The bench-press goal he devised: 150 pounds.

But after a football-playing buddy accompanied Orlando to a public gym and walked him through several sets of exercises with weights, he began to feel more comfortable with the routine and the culture. He became a gym regular. Two years later, Orlando said he’s packed 45 pounds of muscle (175 pounds total) onto his 6-foot-1-inch frame.

The type of health club you frequent (or want to try) also can boost or lessen the intimidation factor, said Walter Meyer, a San Diego-based author who hits the gym in his home town and while on book tours.

“I also have friends who have the fear that if they are not bench pressing Volkswagens, the other guy at the gym will look down on them,” Meyer said. “I think there are many gyms in which that may be the case, (like) the serious weightlifter gyms.

“But at most chain gyms – I belong to both 24 Hour Fitness and LA Fitness – no one cares,” Meyer added. “Perhaps if there are more women present, there is less testosterone. But also I think if more of the crowd is into casual fitness rather than body building, they are less likely to pay enough attention to resent your taking up space to curl five-pound dumbbells.”

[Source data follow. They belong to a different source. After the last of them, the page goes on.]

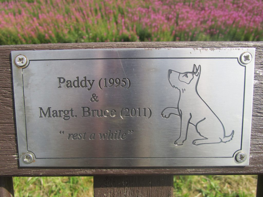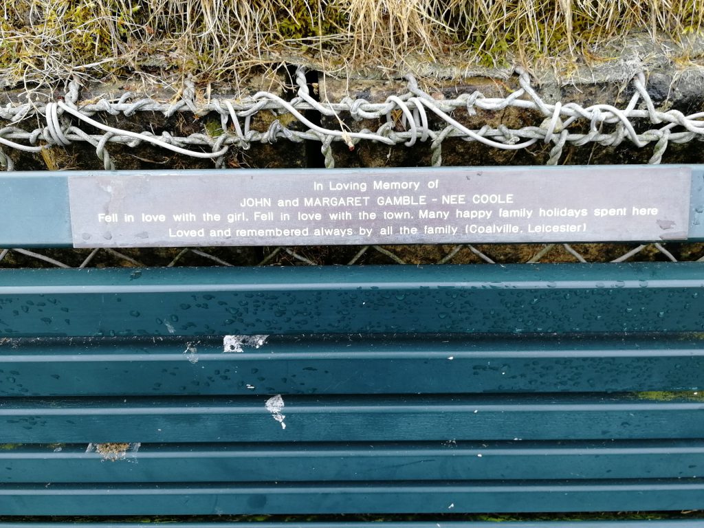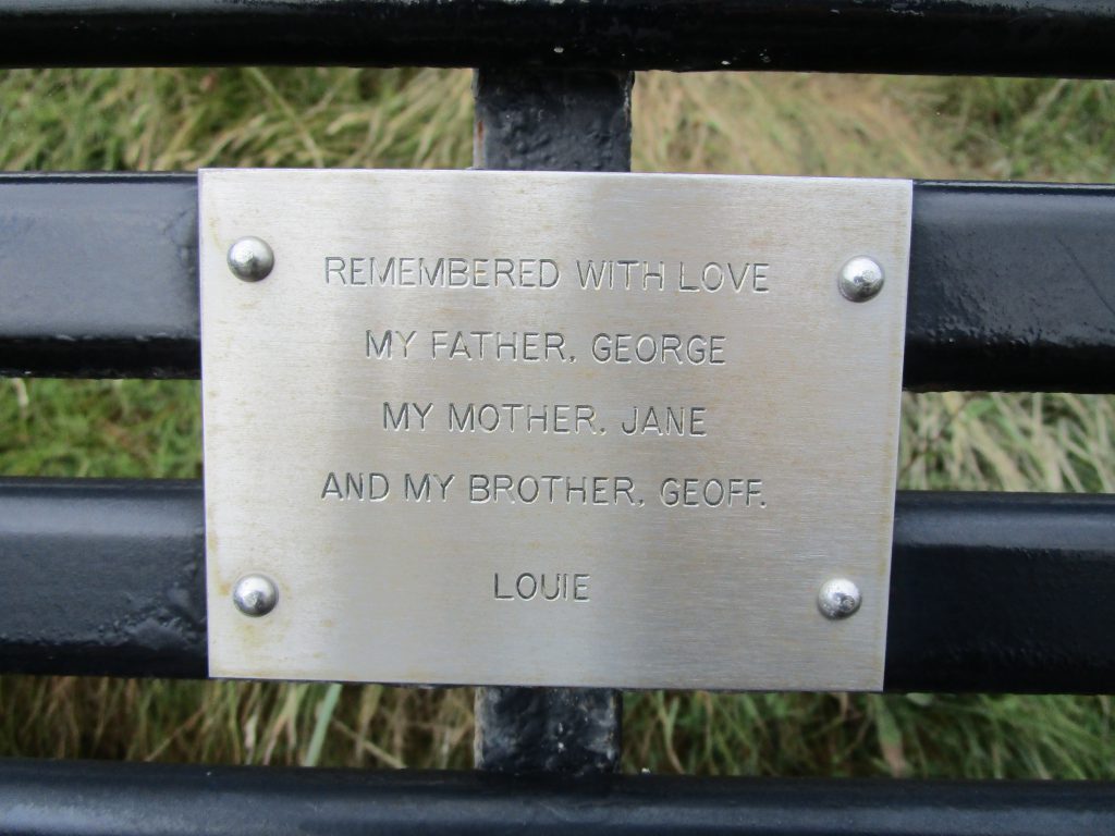 Danach bin ich nie wieder achtlos an so einer Plakette vorbei gegangen, egal wo sie angebracht war. Überall im öffentlichen Raum, konnte ich in GB solche Spuren von geliebten Menschen entdecken, die ich nicht kannte, aber die von ihren Angehörigen nicht vergessen waren. Es gehört zur britischen Trauerkultur einfach dazu, auf diesem Wege öffentlich an geliebte Menschen zu denken. Dabei heißt das nicht unbedingt, dass die ganze Bank gespendet ist: auch kommunale Parkbänke können zum Gedenkort für Trauer werden (natürlich muss der „local council“ sein Einverständnis geben). Manchmal wird auch eine ganze Bank gespendet, vielleicht am Lieblingsort des Verstorbenen, wo er oder sie immer mit dem Hund Gassi gegangen ist?! Inzwischen weiß ich diese britische Tradition sehr zu schätzen und wünschte mir, so etwas gäbe es in Deutschland auch!!
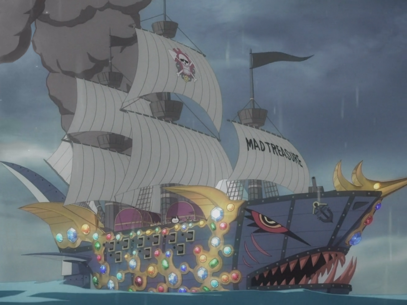 Мэд Трэза и его люди замаскировали корабль, подбираясь к флоту Морского Дозора и вступая с ним в битву. Они потопили флот, но не смогли поймать свою цель, девочку по имени Ольга Мыскина. Корабль вновь был замаскирован, когда Трэза подобрался к новому месту Ольги — корабль Пиратов Соломенной Шляпы, Таузенд Санни. Во время сражения двух команд, Ольга выронила своё кольцо, из-за чего явилась огромная рыба Бонбори и проглотила его. Наблюдая, как Соломенных Шляп вместе с Ольгой засасывает внутрь Бонбори, Трэза решает отправиться за ними. Трэза с помощью Шарк Эмеральды сбил Таузенд Санни, однако вскоре оба корабля попали через горло Бонбори в первый желудок.[1]
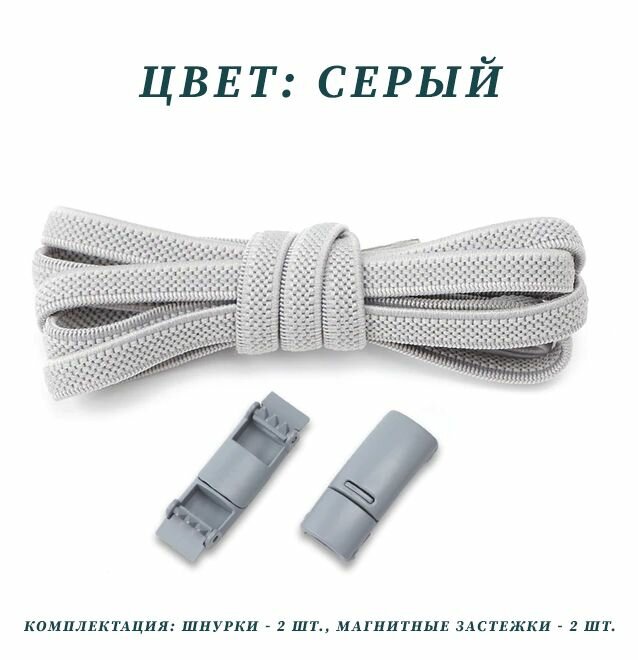 Купить Шнурки эластичные для обуви с магнитными застёжками в цвет шнурков, 2 шт, длина 1 м, серые

Of course, women also weather waves of intimidation while in the gym and, according to a recent study, some young women try to compensate for that by purposely exercising close to females who appear to be less fit by comparison.

"The feeling of intimidation is likely quite similar for men and women, varying in intensity, of course, depending on how extreme the (negative, self-assessing) thoughts become. But the triggers can certainly be different," said Dr. Simon Rego, director of psychology training at Montefiore Medical Center/Albert Einstein College of Medicine in New York.

Categorizing fitness-center fears by gender alone is tricky, he added, because how males and females see themselves is often influenced by culture, family and the role models in their lives.

"I would also predict that both genders would prefer to exercise near less-fit people," Rego said, "as making this type of comparison is often a useful coping strategy for dealing with difficult feelings and to help tolerate the things we can't immediately change," like our size and shape.

"People are often their own worst critics. In other words, while they may be viewed as 'intimidating' to others around them (due to some attractive part of their physical appearance), their own thoughts about themselves (and certain pieces of their own bodies that they dislike) could still lead them to feel self-conscious or intimated by others. It's not about reality - it's about what we think that shapes our reality."